掲載:『つなぐ』寝屋川市民たすけあいの会,第229号,2016年12月.

実践の糧」vol. 32

室田信一(むろた しんいち)

社会の課題を解決するために、コミュニティ・オーガナイザーは住民に「その気」になってもらうように働きかける。その結果、課題は解決の方向に進むが、反面、住民に過度な負荷をかけてしまう危険性があるというジレンマについて前号で述べた。

非営利セクターの国際比較研究をおこなったラルフ・クレイマーは民間非営利セクターの役割を先駆者(vanguard)、価値管理者(value guardian/volunteer)、サービス供給者(service provider)、アドボカシー(improver and advocacy)の4つに整理している。この研究は今から35年前の研究で、現在の政府と非営利団体の関係は、当時のそれと大きく異なっているということができる。

アメリカでいうと、1980年代まで政府による社会保障費が非営利団体によって提供される福祉関係サービスの予算を上回ることはなかった。つまり、非営利団体は政府が提供していないサービスを先駆的に提供していたという意味において、クレイマーの言うところの「先駆者」としての役割を果たしていた。もしくは、政府のサービスでは不足する部分を補足する「価値管理者」としての役割が主流であった。さらに付け加えると、政府の政策が不十分であれば政府に対して要求する「アドボカシー」としての役割を担っていた。

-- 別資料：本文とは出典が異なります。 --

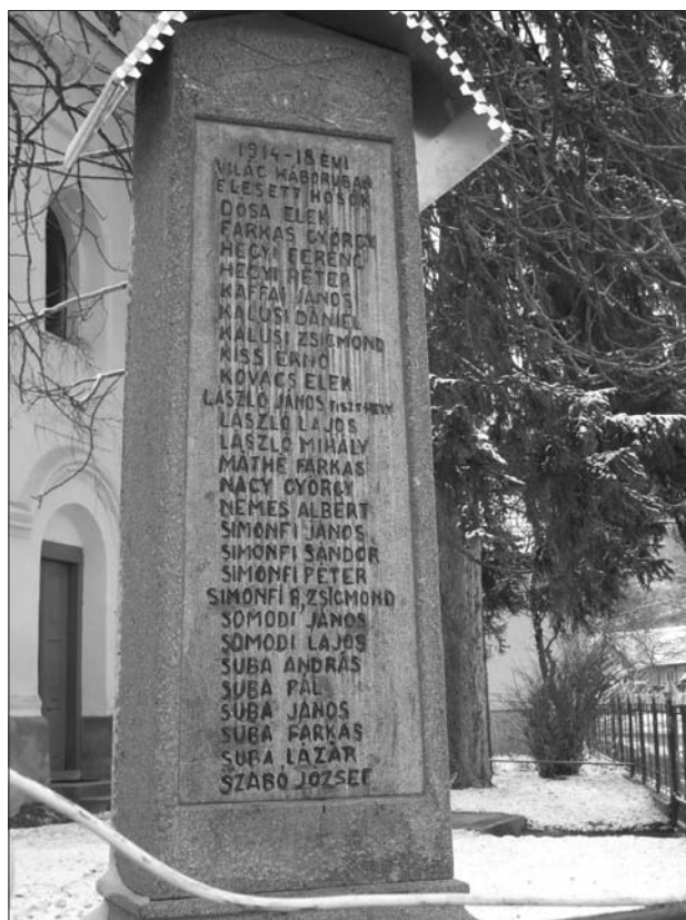
12. ábra A református templom kertjében álló I. világháborúban elesettek emlékére állított kő, Geges. Nagy Zsolt felvétele, 2011
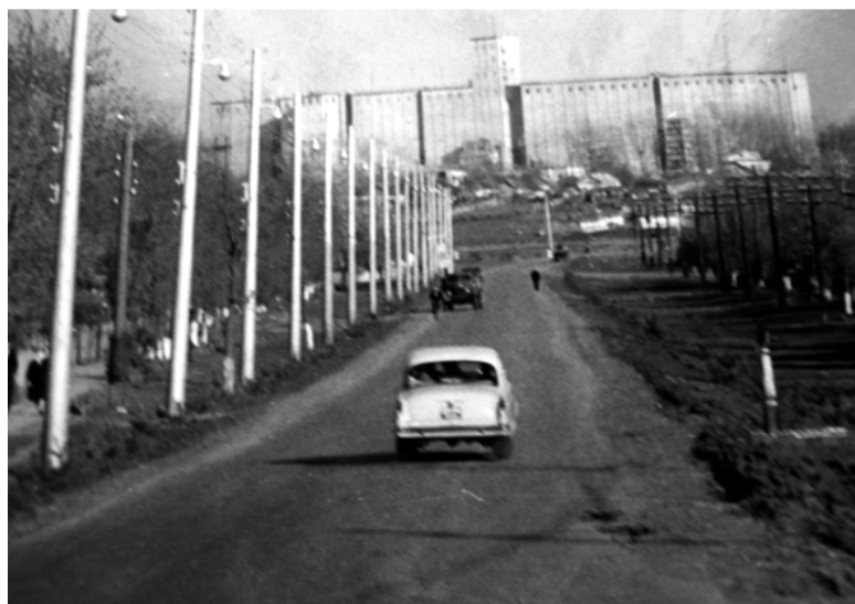
Улица Ленина в станице Новопокровской, 1967 год.

прокладывали водопроводы, электросети, строили электростанции, вели радиофикацию. Возводили жилые дома, клубы, школы, детские сады, бани, магазины. В поселке Кубанском и в станице Новоивановской завершалось строительство участковых больниц, а в хуторе Новый Мир — фельдшерского пункта. Только в совхозе «Кубанский» с 1957 по 1967 год ввели в эксплуатацию семь школ на 1680 учащихся, восемь детских садов на 425 мест, восемь магазинов, пять столовых, семь бань, больницу на 35 коек, 34680 квадратных метров жилья. На все это требовалось немало средств. И их руководители района, преодолевая многие препятствия, изыскивали всеми законными способами.
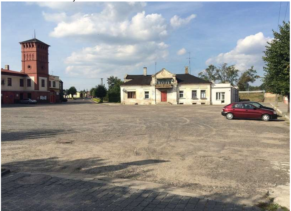
Widok 8 – Plac Straży
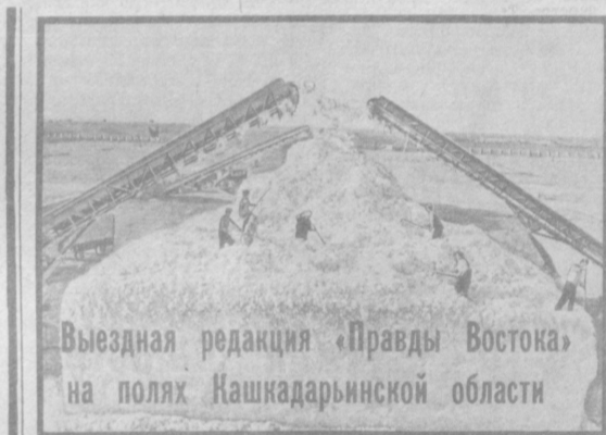
Выездная редакция «Правды Востока» на полях Кашкадарьинской области

Поднять всю партийную работу на уровень новых задач, внести максимальный вклад в выполнение программы ускорения социально-экономического развития страны, решительно бороться со всем, что мешает на этом пути, — об этом говорили все выступавшие на конференции. Отмечалось, что за отчетный период трудовые коллективы района добились определенных успехов. На основе модернизации и реконструкции промышленных предприятий увеличили выпуск продукции, расширили ее ассортимент, повысили качество изделий. Возросла ответственность научных учреждений и высших учебных заведений, исследовательских и проектных институтов, конструкторских бюро за подготовку высококвалифицированных кадров, за создание новых машин и
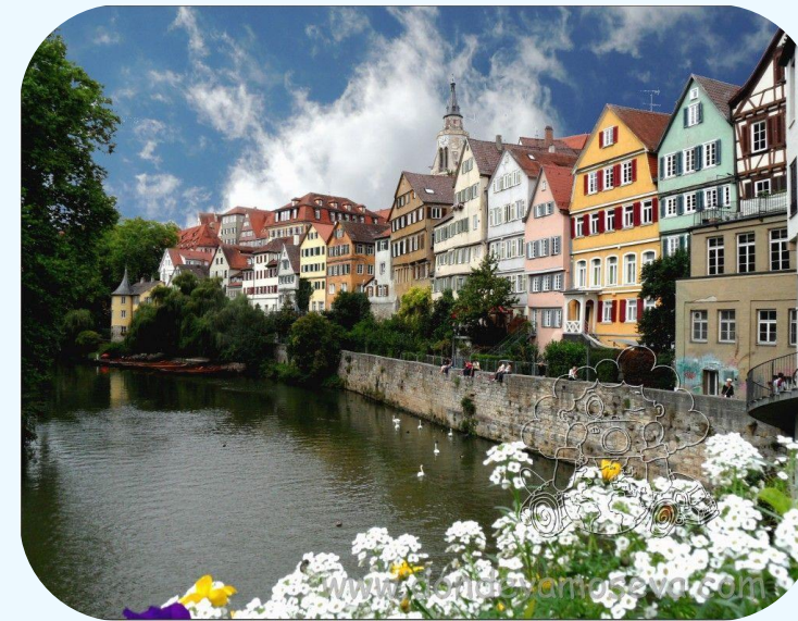
Zwingel frente al río Neckar

しかし、1980年代を契機にそれは変わった。アメリカに限らず先進諸国では増幅する国家の社会保障費を効率的に運用するために非営利団体にそれらを委託する傾向が強くなった。政府の代わりにサービスを請け負う「サービス供給者」としての役割が主流になった。増幅する福祉ニーズを満たすために、政府は安い費用でサービスを外部委託し、それらを受託した非営利団体は事業の規模を拡大してきた。

ところが近年の政府の方針は、非営利団体よりもむしろ住民ボランティアによる互助活動によって拡大する福祉ニーズを満たすという政策へと転換してきている。そうした流れの中で、住民による互助活動を促進するために非営利団体に各種の「コーディネーター」を配置する政策が推進されている。コーディネーターがいることで、地域の住民活動が円滑に推進されるという側面はあるだろう。しかし、福祉ニーズを満たすための政策の一環として住民を「その気」にさせて互助活動に動員するというのは、結果的に住民に過度な負担を押し付けていることになる。

「担い手の高齢化」や「担い手不足」といった言葉を地域の活動でよく耳にする。しかし、ボランティア活動する人たちが高齢化して何がいけないのだろうか。高齢化しても活動したい人はしたらいいし、できなくなればやめればいい。担い手が不足するというのは、誰にとって不足なのだろうか。政府によって押し付けられた「目標」を達成するために不足するということではないだろうか。

非営利団体やボランティアの強みは「先駆者」や「価値管理者」「アドボカシー」としての役割である。「サービス供給者」に押し込められている現状について、改めて考え直す時期が来ているのではないだろうか。

※掲載原稿と若干変更する場合があります。